Personally, I find the core races more then sufficient.
| Umbriere Moonwhisper |
Vivianne Laflamme wrote:Not really. When I think of Mary Sue, I think of a character that is perfect in every way and everybody loves them. No flaws, no hang-ups, and generally, wish-fulfillment for the author/player. I find flawed characters to be much more interesting and overall, better for the health of the group. No one is getting their toes stepped-on conceptually and no one is being annoyed at the one person trying to garner all the attention for themselves. Mind you, this happens with more than just players that play weird races. I've had plenty of players play odd races that were interesting and fun. Like my bear cleric. But, in my experience, I've noticed the Mary Sue traits more from people wanting to play the rarer races. So I either work with them to make it less Mary Sue, or, if that doesn't work, ask them to make me another character.Odraude wrote:Bolded for emphasis. That is the main thing that turns me off from allowing hybrids or crazy races.
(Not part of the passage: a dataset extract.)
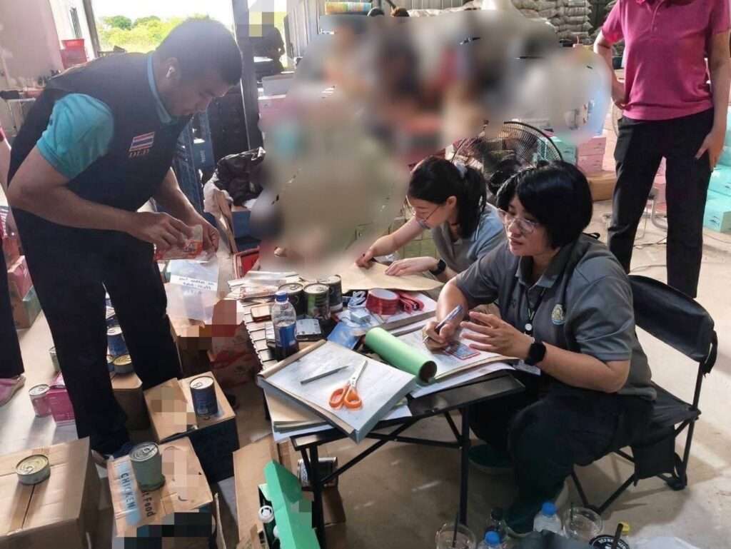 เจ้าหน้าที่ดำเนินการล่อซื้อและสืบสวนจนทราบที่ตั้ง ก่อนลงพื้นที่ตรวจสอบ พบโกดังขนาดใหญ่ มีพนักงานประมาณ 10 คน ตรวจพบอาหารสัตว์เลี้ยงหลากหลายประเภท ทั้งชนิดเม็ด ชนิดเปียก และขนมแมวเลีย โดยไม่พบเอกสารอนุญาตนำเข้าเพื่อจำหน่าย และไม่มีการขึ้นทะเบียนอาหารสัตว์ควบคุมเฉพาะ ตามที่กฎหมายกำหนดการกระทำดังกล่าวเข้าข่ายฝ่าฝืนพระราชบัญญัติควบคุมคุณภาพอาหารสัตว์ พ.ศ. 2558 โดยมีความผิด 2 ฐาน ได้แก่ มาตรา 15 ไม่มีใบอนุญาตนำเข้าอาหารสัตว์ควบคุมเฉพาะ มีโทษตาม มาตรา 74 จำคุกไม่เกิน 3 ปี หรือปรับไม่เกิน 60,000 บาท หรือทั้งจำทั้งปรับ และมาตรา 56 (4) จำหน่ายอาหารสัตว์ที่ต้องขึ้นทะเบียนโดยมิได้ขึ้นทะเบียน มีโทษตามมาตรา 86 วรรคแรก จำคุก 1–5 ปี หรือปรับ 20,000–100,000 บาท หรือทั้งจำทั้งปรับ

I don't like the Mary Sue traits.Mary Sue traits are relative to the setting. If everyone is a wizard, it isn't a Mary Sue trait to be a wizard. If everyone's a half-fae catboy, it's not Mary Sue to be a half-fae catboy. It's only a humanocentric setting where "unusual" races are rare that it's Mary Sue to play an unusual race.
well, all of my characters have a flaw or few somewhere. sometimes, the flaw is an anime cliche. but my characters are never truly perfect, though some of them see themselves that way
Half-Nymph Noble Bard? she was a sickly little girl whom could probably drop to the negatives if an ogre just sneezed on her. plus she couldn't fight her way out of a paper bag
my angelkin battle oracle of the iron lord, she was oblivious, had ADHD, and she was obsessed with being cute, she was a crazy valkyrie-spawn
my onispawn heavily multiclassed monk thingie, despite her decent intelligence, she thought with the patterns of a T-Rex, was over 8 feet tall, and had to take squeezing penalties every time she entered a dungeon
they are members of noncore and even exotic races, but they stood out by being weird and awkward in a sense, but in slightly different yet unsettling ways. none of them really hogged the spotlight because there were characters far more optimized and far more attention grabbing.
| DM Under The Bridge |
Added small treant like nature warriors and otyughs to one of my games. Both eventually died, but it sure was fun.
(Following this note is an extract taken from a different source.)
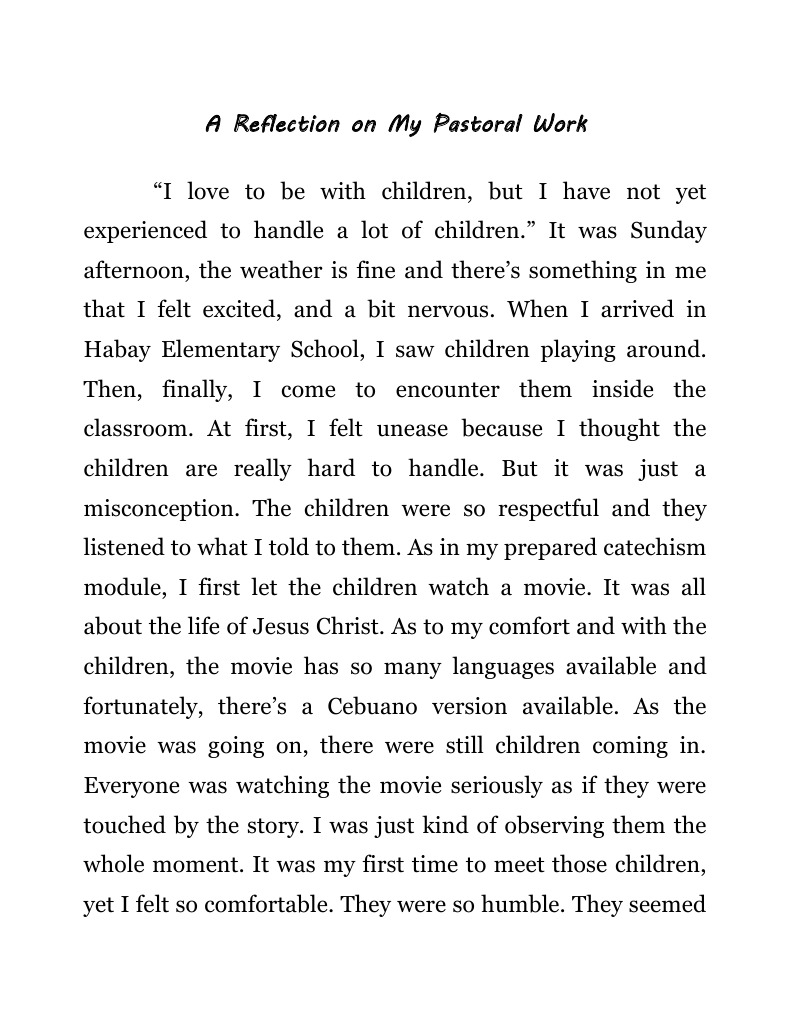 A Reflection on My Pastoral Work I love to be with children, but I have not yet experienced to handle a lot of children.

One was all sorts of creepy, the other had an immense hunger, and could communicate and express emotion, but the hunger was always lying beneath. A hungry otyugh actually works well with an adventuring party. After all, many adventurers are hungry for gold, the otyugh just wants to gorge itself on whatever they kill and whatever filthy scraps they find.
| Umbriere Moonwhisper |
So, nothing against you, but I'm super picky about anime cliches and am probably much more judgmental than I really ought to be when presented with a character that fits into anime stereotypes. But that's a matter of taste and experience for me, nothing against you.
the 3 examples i mentioned, though animesque, could work in non-anime media too. it's not like they weren't that mainstream a concept.
| Umbriere Moonwhisper |
Anime, and anime topics, genres and the borrowing from other cultures is legion.
I have always been surprised by the anti-anime crowd on here (is it an American thing?), but anime crawls into and draws upon so much. Anime has been merged into fantasy for decades.
anime and other media have been fusing ideas since the 60s at the very least.
| cmastah |
I find it hard to imagine a world where everyone is a half-fae catboy. Wouldn't you need lots of fae and full catpeople to produce them all?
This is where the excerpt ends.